The number of new people who tested positive for COVID-19 in Illinois during the last 24 hours jumped to 3,137 people. In addition, the percentage of people who tested positive on the tests was 21.2%, a sign that there may be many more people with COVID-19 in the community who have not yet been tested.
Governor J.B. Pritzker laid out an ambitious plan to contact trace people who test positive for COVID-19, with a price tag of about $80 million. Contact tracing is a key element to open the economy.
Measures to Open the Illinois Economy
One measure being used to determine if the economy is ready to open is whether the number of COVID-19 infections and/or the number of hospitalizations has peaked and has shown a downward trajectory for 14 consecutive days. In the last 10 days, Governor J.B. Pritzker has seemed to put his focus on the trend in hospitalizations.
Gov. Pritzker has also repeatedly said that other measures include whether testing, tracing and treatment are in place. In addition, he says it is critical that an adequate amount of Personal Protection Equipment (PPEs, e.g., face masks, gowns, etc.) be available.
Below is data showing the trends in infections, hospitalizations, and testing.
The Number of Infections and Hospitalizations
Evanston: The number of Evanston residents who have tested positive for COVID-19 increased by 19 cases today, May 1, for a total of 357 cases, according to information provided by the City of Evanston. The trend is shown in the above chart.
To date, a total of 10 Evanstonians have died due to COVID-19.

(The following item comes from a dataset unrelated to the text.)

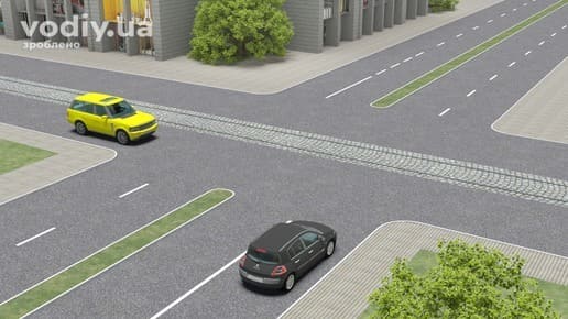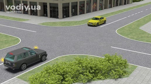 В наступному випадку, на нерегульованому перехресті водій жовтого автомобіля виконав вимоги ПДР і зупинився перед краєм перехрещуваної проїзної частини для надання переваги чорному автомобілю.

Chicago, Cook County and Illinois: For Chicago, the number of confirmed COVID-19 cases grew from 21,491 yesterday to 22,718 today; the cases in Cook County grew from 36,593 yesterday to 38,668 today; and the number of cases in Illinois grew from 52,918 yesterday to 56,055 today. The trend is shown in the first chart in the chart box.

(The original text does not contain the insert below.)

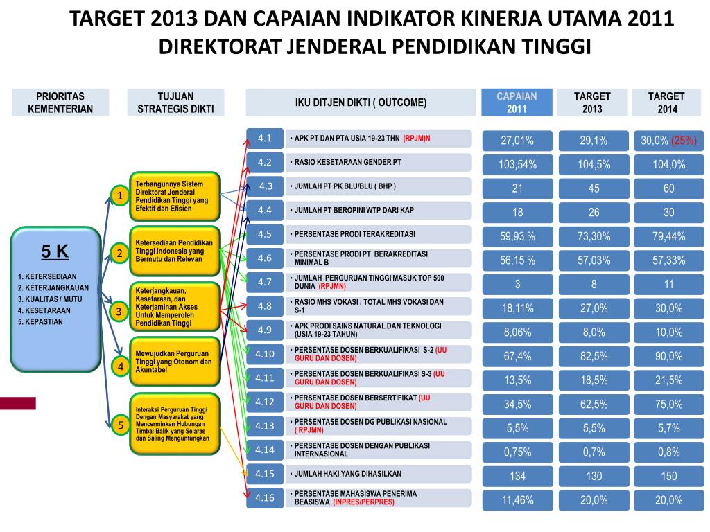 TARGET 2013 DAN CAPAIAN INDIKATOR KINERJA UTAMA 2011 DIREKTORAT JENDERAL PENDIDIKAN TINGGI TUJUAN STRATEGIS DIKTI IKU DITJEN DIKTI ( OUTCOME) TARGET 2013 PRIORITAS KEMENTERIAN CAPAIAN 2011 TARGET 2014 1 5 K 2 3 4 5

Dr. Ngozi Ezike, the Director of Illinois Department of Public Health, said that there were 3,137 new confirmed cases reported in the last 24 hours in Illinois. This is the highest number of new cases thus far. The trend of new cases is shown in the second chart in the chart box.
The rate of increase of new cases, in relation to the total cases as of the prior day, was 4.7% on April 29, 5.1% on April 30, and 5.9 % today.
The number of deaths in Illinois due to COVID-19 increased by 105 in the last 24 hours, bringing the total number of deaths due to COVID-19 in Illinois to 2,355.
Hospitalizations in Illinois: Dr. Ezike reported that the number of hospitalizations due to COVID-19 in Illinois was 4,900 today, down from 4,953 on April 30 and 5063 on April 29. The number of COVID-19 patients occupying ICU beds was 1,263 today, down from 1,289 and 1,290 in the prior two days. Today 777 people are on ventilators, compared to 785 and 777 people in the prior two days.
The State’s hospitals have capacity to handle these numbers of patients. As of April 25, there were 11,173 hospital beds open, 966 ICU beds open, and 1,894 ventilators available.
Adequacy of Testing
There are two measures to assess the adequacy of testing discussed by researchers: 1) the number of tests given in relation to the population; and 2) the percentage of people who test positive for COVID-19.
The Number of Tests in Illinois
Both Gov. Pritzker and Dr. Ezike have repeatedly said that testing is critical to opening up the economy and to do so in a manner that protects the health and safety of the people. More than a month ago, Gov. Pritzker established a goal to give 10,000 tests per day. Last week, the State surpassed that goal, but both he and Dr. Ezike say that more testing is needed. They have not yet set a new goal.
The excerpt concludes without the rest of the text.